Дударев вернулся в общежитие, сел на койку, заплакал. Баландин натянул на голову шапку, сдернул с гвоздя полушубок и выбежал из комнаты. Вскоре он, потный, в снегу, вырос на пороге:
— Одевайся, Вася, райком комсомола дал лошадь.
После похорон мать посадила на лавочку дочерей-двойняшек. Грустные, одетые в черное, они походили на голодных галчат.
— Доведи их, сынок, до ума. Так велел отец. Институты от тебя не уйдут. А уйдут — не беда. Голова у тебя светлая, обязательно на виду будешь.

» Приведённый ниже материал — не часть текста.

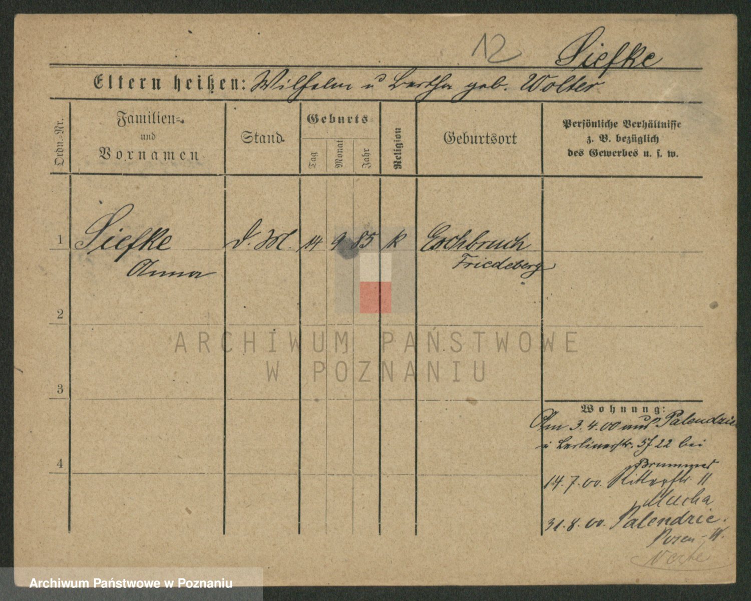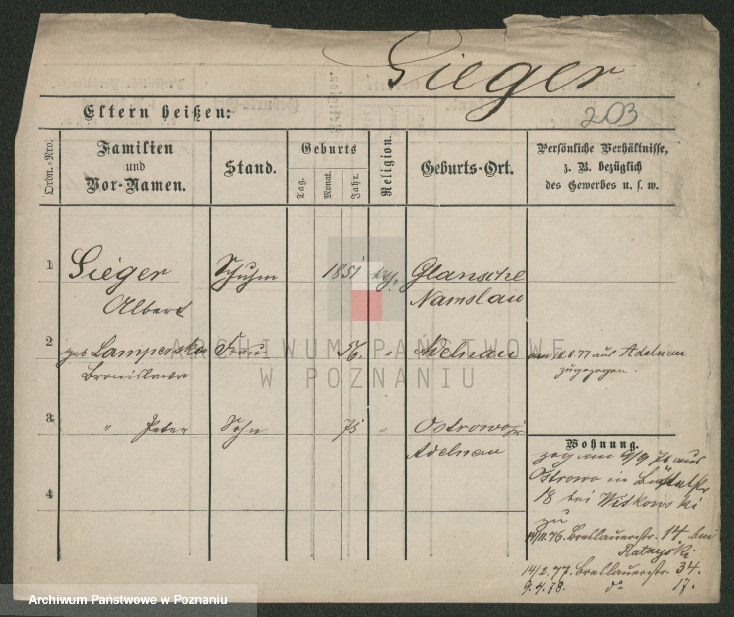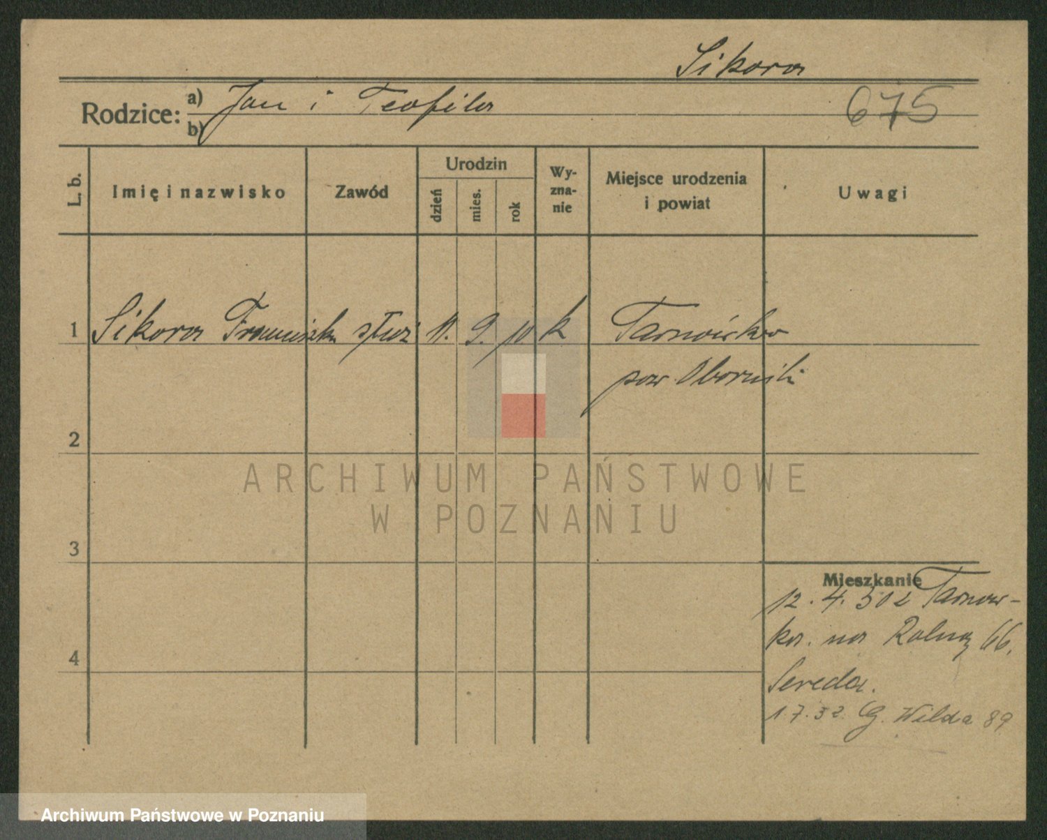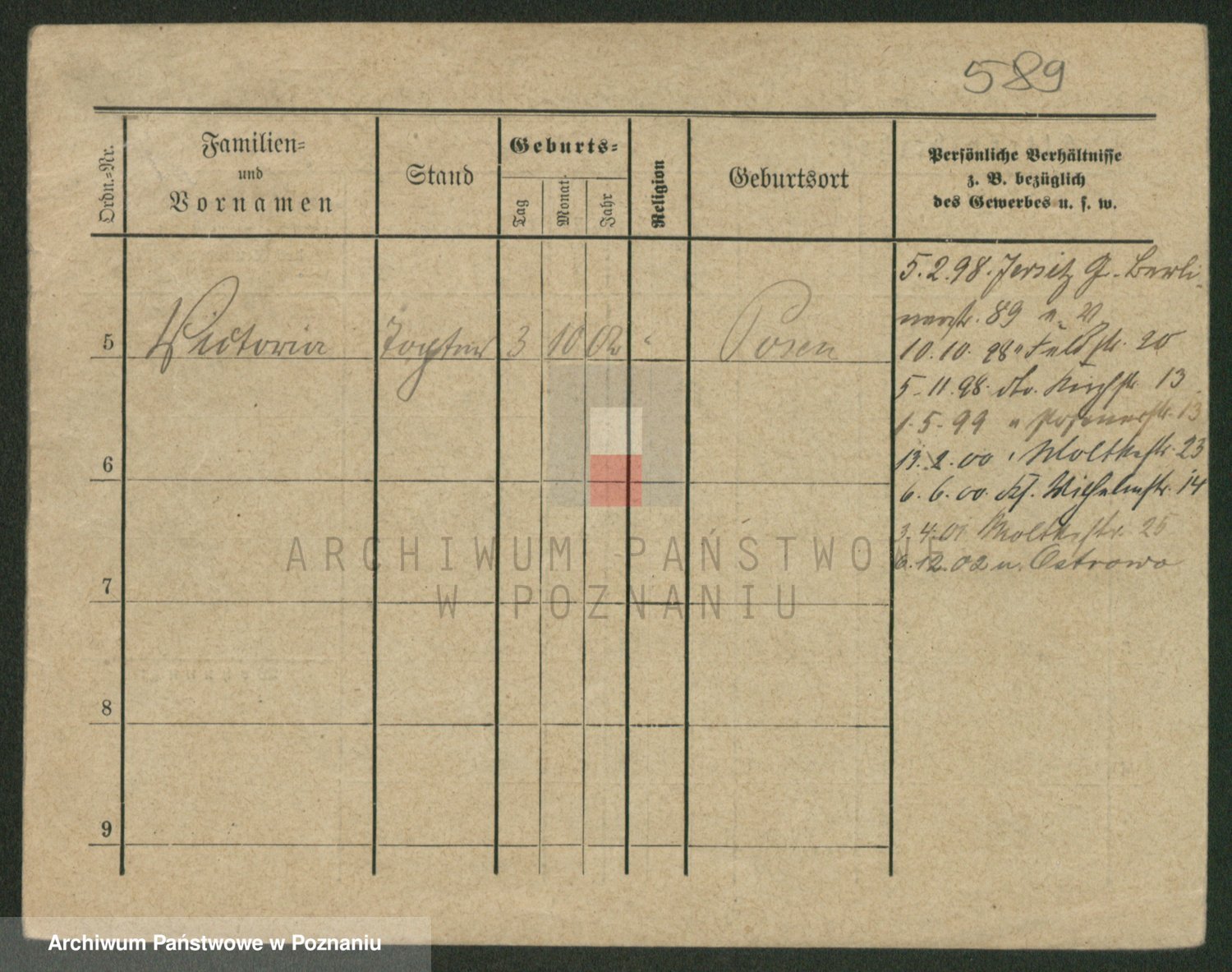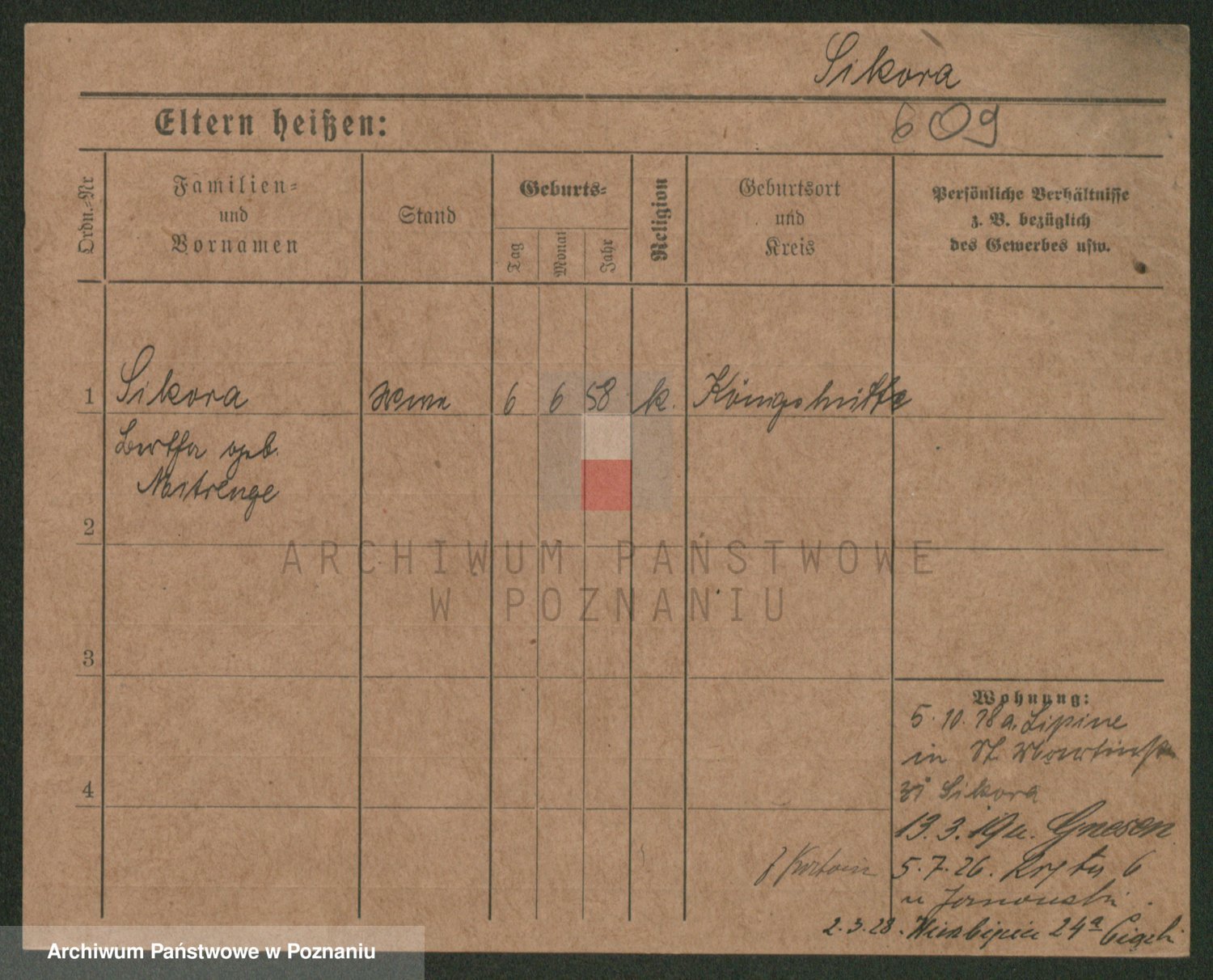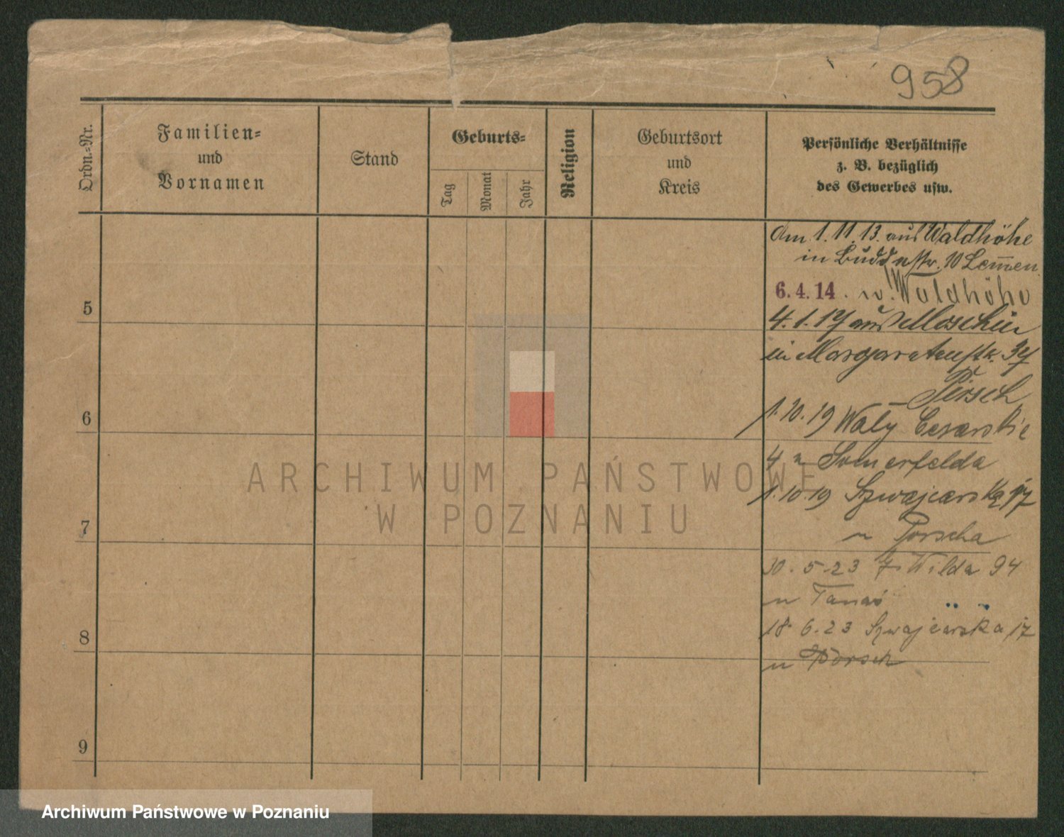 Podgląd karty osobowej dostępny jest po kliknięciu na nazwisko lub ikonkę karty. Można dokonywać powiększenia (ikony na górze) lub przechodzić między kolejnymi skanami (strzałki po bokach).

— Хорошо, мама, — ответил Дударев.
Баландин скрутил жгутом уши шапки, попросил:
— Пелагея Васильевна, отпустите Васю. Мы вам деньги будем присылать. Вагоны грузи, полы натирай — вот и деньги. Мы уже пробовали. Прилично платят.
И еще он говорил что-то, долго, ласково, вкрадчиво, и мать сказала, утирая глаза полушалком:
— Ладно, Вася, учись. Как-нибудь перебьемся.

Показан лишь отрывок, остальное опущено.